Because he lived alone he wasn’t in any particular rush to get back to the flat, so he often walked home instead of catching the bus, perhaps two or three nights a week.  It helped keep him fit without the need for a gym membership and it let him indulge in his favourite pastime of people watching.  As he walked home on this particular night the opportunity to observe his fellow man was sparse, as there were hardly any other people around.  He found his eyes were scanning the pavement more and more and soon his face was turned toward the ground completely.  He glanced at something that caught his immediate attention.
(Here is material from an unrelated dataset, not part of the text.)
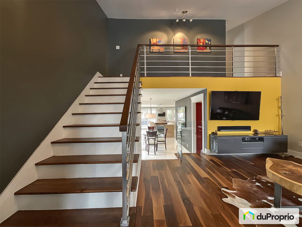 In the basement: exterior entrance, large bedroom, shower room, huge family room with bar and wood fireplace. The floors and stairs are vinyl, glued for the stairs and floating for the rest. In addition, there are 2 storage spaces.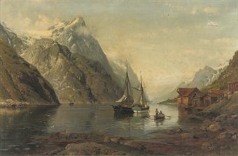 Anchored sailing-vessels in a fjord

He stopped and bent down to retrieve what turned out to be a golden coin, though it was a strange looking one, something that he had never seen before.  It was about an inch in diameter and perhaps a quarter inch thick with ribbed edging.  He turned it over in his hand, looking for any markings that would determine where the coin had originated from, but there wasn’t any writing on either side.  The stamps that were on it were unusual, however, and they held his interest.  On one side there was a depiction of two hearts that seemed to be seamlessly joined, as if they were actually only one organ and not two.  They were surrounded by what appeared to be a circle made from tulips, which he thought was wonderful as tulips were his favourite flower.  On the other side was the bust of a man with no hair and his huge chest exposed.  He had a menacing look that seemed to say, “You will do my bidding”.  The face made the young man kind of nervous, not in away that frightened him, but more perhaps how he’d feel if he were looking at a mentor of some sort.

Slowly his feet began moving again and soon he was back to his normal pace, though his eyes rarely ventured away from the surface of the coin and so it was quite some time before he noticed that he was being followed.